__Work item__
Please copy the lines below, exactly as they are, from the one with "A-Pro Ganzkörper Wasserdicht" through the one with "Kawiarnia i czekoladziarnia", and leave out the pictures.

[Opening Dataset excerpts section]

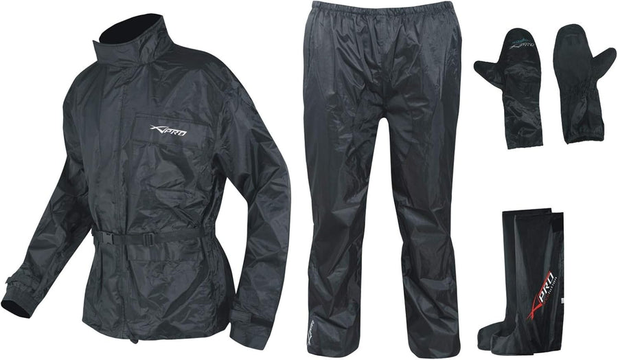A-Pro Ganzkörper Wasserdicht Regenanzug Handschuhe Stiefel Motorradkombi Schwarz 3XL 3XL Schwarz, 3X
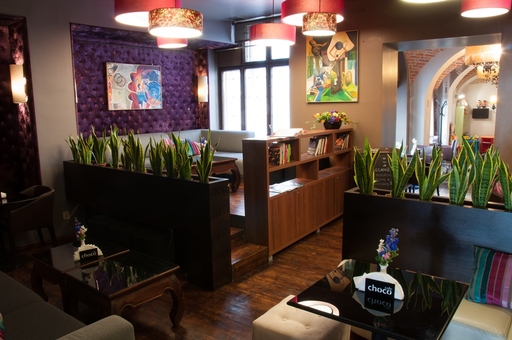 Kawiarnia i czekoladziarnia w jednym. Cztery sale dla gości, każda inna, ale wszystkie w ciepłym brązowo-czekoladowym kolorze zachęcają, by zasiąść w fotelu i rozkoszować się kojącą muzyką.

[Closing Dataset excerpts section]
[Opening Dataset excerpts section]

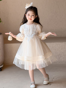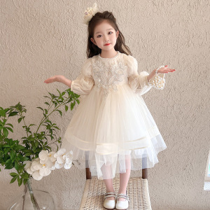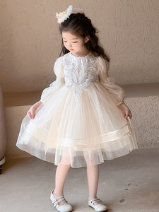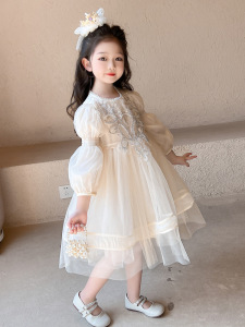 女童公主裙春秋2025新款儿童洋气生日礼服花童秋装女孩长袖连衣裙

[Closing Dataset excerpts section]
[Opening Dataset excerpts section]

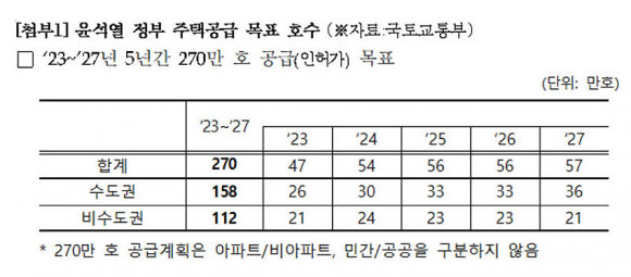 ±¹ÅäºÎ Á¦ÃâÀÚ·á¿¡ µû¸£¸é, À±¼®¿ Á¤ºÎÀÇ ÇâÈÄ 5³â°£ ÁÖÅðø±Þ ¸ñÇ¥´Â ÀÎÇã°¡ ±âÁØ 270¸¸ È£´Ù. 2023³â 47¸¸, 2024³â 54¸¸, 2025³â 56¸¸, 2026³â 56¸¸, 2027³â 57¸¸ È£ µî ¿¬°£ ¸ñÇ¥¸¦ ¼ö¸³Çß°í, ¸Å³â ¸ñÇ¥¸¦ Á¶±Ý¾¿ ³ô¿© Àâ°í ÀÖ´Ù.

[Closing Dataset excerpts section]

__Task output__
A-Pro Ganzkörper Wasserdicht Regenanzug Handschuhe Stiefel Motorradkombi Schwarz 3XL 3XL Schwarz, 3X
 Kawiarnia i czekoladziarnia w jednym. Cztery sale dla gości, każda inna, ale wszystkie w ciepłym brązowo-czekoladowym kolorze zachęcają, by zasiąść w fotelu i rozkoszować się kojącą muzyką.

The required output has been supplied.